The differential diagnosis of neonatal anemia includes chronic or acute blood loss, congenital disorders of erythrocyte production (e.g., Fanconi’s anemia, Diamond-Blackfan), erythrocyte membrane defects (e.g., hereditary spherocytosis, hereditary elliptocytosis), congenital enzyme deficiencies (e.g., G6PD [glucose-6-phosphate dehydrogenase], pyruvate kinase), infection, and hemoglobin disorders (Figure 104-2). Of the hemoglobinopathies, α-thalassemias are the most common and severe. The switch from fetal (α2γ2) to adult (α2β2) hemoglobin occurs during the first year of life. As a result, defects in α-globin synthesis manifest in utero, whereas defects in β-globin synthesis become apparent in late infancy. Deletion of three (hemoglobin H disease) or four (hemoglobin Barts) α-globin genes can cause significant hemolytic anemia and present as hydrops fetalis. Newborn screening enables early detection and treatment of infants with major hemoglobinopathies and therefore reduces the mortality and morbidity associated with these conditions.


Figure 104-2 Differential diagnosis of neonatal anemia.

(Modified from Blanchette VS, Zipursky A. Assessment of anemia in newborn infants. Clin Perinatol 11(2):489-510, 1984.)

Management and Therapy

Phototherapy and ET are the primary modes of treatment for infants with hemolytic disease. In Rh incompatibility, intensive phototherapy should be started immediately after birth. Prompt initiation of phototherapy might prevent the need for ET.

Treatment of neonatal hyperbilirubinemia with ET was introduced in the early 1950s. Although ET is proven to reduce mortality and the risk of kernicterus, it is associated with serious complications, including hemodynamic instability, apnea, coagulopathies, electrolyte imbalance, vascular thromboses, sepsis, arrhythmias, and necrotizing enterocolitis (NEC) (see Chapter 100). Efforts to reduce perinatal mortality and the need for ET have led to the development of several prenatal care strategies, including RhoGAM, use of Doppler ultrasound to detect fetal anemia, and intrauterine blood transfusions.

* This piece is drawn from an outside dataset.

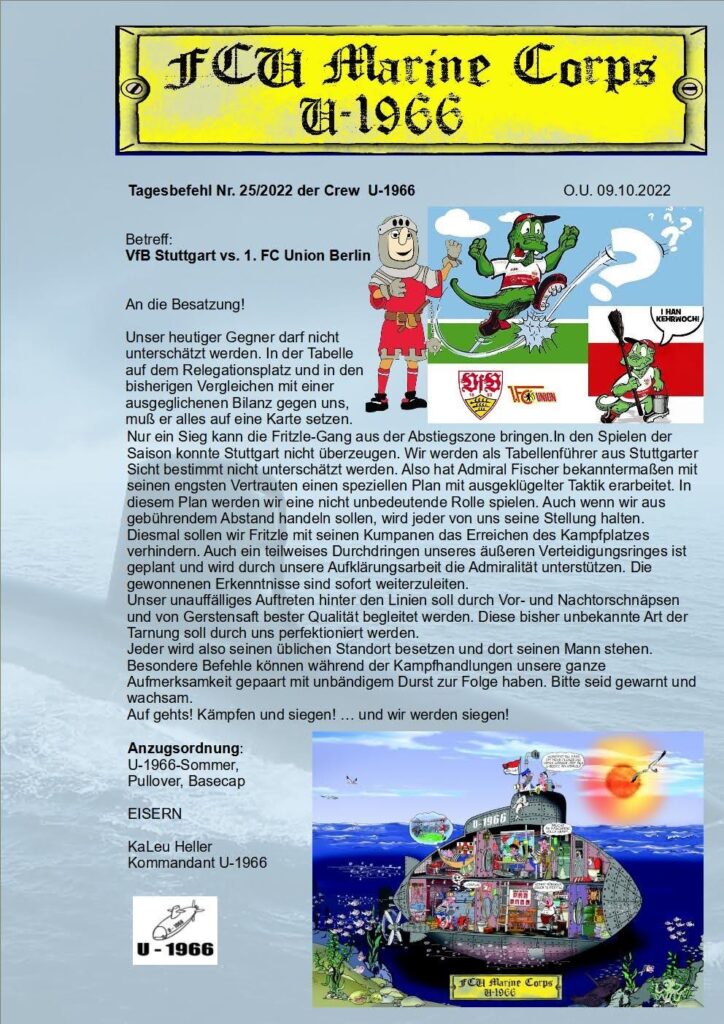 Maat Tilo meldete nach überstandener Corona-Infektion absolute Gefechtsbereitschaft mit folgender Nachricht: „Der Tee ist abgesetzt, der Kaffee schmeckt langsam wieder. Da Schnaps eine Art Medizin ist und die Seemänner mit Rum wieder aufgepäppelt wurden, bin ich dann heute zum späte Nachmittag kampfesbereit. EISERN.“ Die restlichen Marines hielten sich sehr konsequent an die Funkstille und waren sich ihrer Aufgaben bewusst. Also die Seewege nach Stuttgart waren gesichert! Ja und dann ging es auch schon los: Schiedsrichter Bastian Dankert eröffnete die Partie um 1933. Zuvor wurde noch Jürgen Sundermann gedacht, der in früheren Jahren Trainer beim VFB war und letzte Woche verstarb. Zunächst war klar, dass unsere Jungens mindestens ein Pünktchen aus Stuttgart mitnehmen müssten, um die Tabellenführung dem FC Freiburg wieder abzunehmen. Um es hier noch einmal in aller Deutlichkeit zu schreiben: Wir reden vom 9. Spieltag der 1. Fußballbundesliga! Und wir als kleiner Köpenicker Verein reden (schreiben) von der Rückeroberung der Tabellenspitze! Absolut verrückt! Also das Spiel begann. Alle Marines auf ihren Posten. Aber unsere Kicker wirkten etwas müde. Der VFB hatte die ersten 45 Minuten eindeutig für sich entschieden. Wir hatten da echt das Glück des Tüchtigen. Zu erwähnen wären da ein Kopfball, ein Freistoß (Riesenparade von Frederik) und ein Pfostentreffer der Stuttgarter. Dann war Halbzeit. Weiter ging es um 2034. Unsere Mannen kamen wie ausgewechselt aus der Kabine. Sie nahmen das Heft des Handelns in ihre eigenen Hände. Auch unsere Crew gelobte Besserung. Unser Kaleu ging einmal mehr mit sehr lobenswertem Beispiel voran und verkündete weitere Maßnahmen seinerseits: „Wieviel Vortor-Union-Rum bedarf es für ein Tor? Einfach anstrengend aber muss wohl …“ Auch der Leutnant zeigte sich solidarisch, als Seekadett Nussmann um Hilfe bat… Bei so viel flüssigem Einsatz war es nur eine Frage der Zeit, bis unsere Kicker ein Tor schießen würden. Auch Admiral Fischer erkannte, dass punktuelle Veränderungen das Team etwas beflügeln könne. Doppelwechsel in Minute 65. Kevin und Morten rein, Jordan und Andras Feierabend. Dann kam Jamie in Minute 73 für Sherry. Alles Positionswechsel. Admiral Fischer blieb seiner Linie treu. Und das zahlte sich aus! Eckball in der 77. Minute. Eine Lehrbuchecke von Nico köpfte der heranstürmende Paul unhaltbar in das lange Eck! Geiles Tor, welches gleich wieder allgemeines Anstoßen unserer Crew zur Folge hatte… Riesenschreck in der 79. Minute, als der Ball im Stile einer Billardkugel durch unseren Strafraum hin und her torkelte, um dann am Pfosten abzuprallen. Puh, durchatmen und noch einen kleinen Rum eingießen. In der 4- minütigen Nachspielzeit hatten Jamie und Milos die Entscheidung auf dem Fuß. Aber es sollte nicht sein. So wurde es noch einmal spannend, als den Hausherren ein Freistoß zugesprochen wurde. Der Stuttgarter Keeper eilte mit in Nähe unseres Strafraumes. Aber der Ball konnte abgewehrt werden und kurze Zeit später pfiff der Schiedsrichter die Partie ab. Fazit: Nun gut, der VFB hätte sich sicherlich einen Punkt verdient. Aber danach fragt keiner mehr. Mit weiteren 3 Punkten im Gepäck fährt es sich natürlich sehr angenehm zurück in die Heimat. Nach nur 9 Spieltagen haben unsere Jungs bereits 20 Punkte! Es fühlt sich so was von unbeschreiblich an… Und unsere Marines werden heute trotz erheblicher Kopfschmerzen ihren Mann stehen und sich akribisch auf den Donnerstag vorbereiten. Da geht es im Heimspiel gegen Malmö um weitere Europapokalpunkte. Da für dieses Spiel eher mit nördlichen Attacken zu rechnen sein wird, befahl der Kaleu unseren Leutnant nach Berlin, um vor Ort die noch geheimen Befehle auszuführen.

The use of RhoGAM (anti-D prophylaxis) in Rh-negative women has led to a marked decline in Rh sensitization and hemolytic disease of the newborn. Studies have demonstrated that of all Rh-sensitized pregnancies with Rh-positive fetuses, 51% require no treatment, 31% require treatment after full-term delivery, 10% are delivered early and need ET, and 9% require intrauterine fetal transfusion. In developed countries, a high proportion of clinically significant hemolytic disease is now caused by antibodies to antigens other than D (i.e., anti-C, anti-E, or anti-Kell) and therefore is not preventable with RhoGAM.

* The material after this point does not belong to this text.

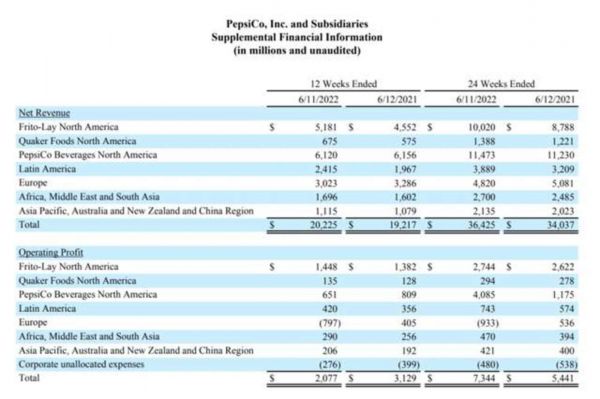 百事公司董事长兼首席执行官Ramon Laguarta在财报中表示对公司第二季度的业绩“感到满意”,“尽管宏观经济与地缘政治持续动荡,通胀水平进一步高企,但我们延续了业务势头。”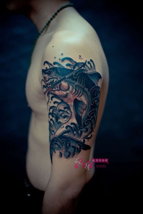 男生手臂搏斗的鲨鱼纹身_臂部纹身图案大全_纹身图吧

Intravenous immunoglobulin (IVIG) is a supplemental therapy that may be effective in reducing the need for ET in infants with immune-mediated hemolytic disease. In isoimmune hemolysis, RBCs are destroyed by an antibody-dependent cytotoxic process directed by Fc receptor–bearing cells of the reticuloendothelial system. IVIG’s mechanism of action is postulated to be attributable to nonspecific blockade of Fc receptors. Potential benefits of IVIG over ET include relative ease of administration, reduced invasiveness, and improved safety profile. Preliminary studies have demonstrated lower maximum bilirubin levels and shorter durations of hospitalization among patients receiving IVIG treatment.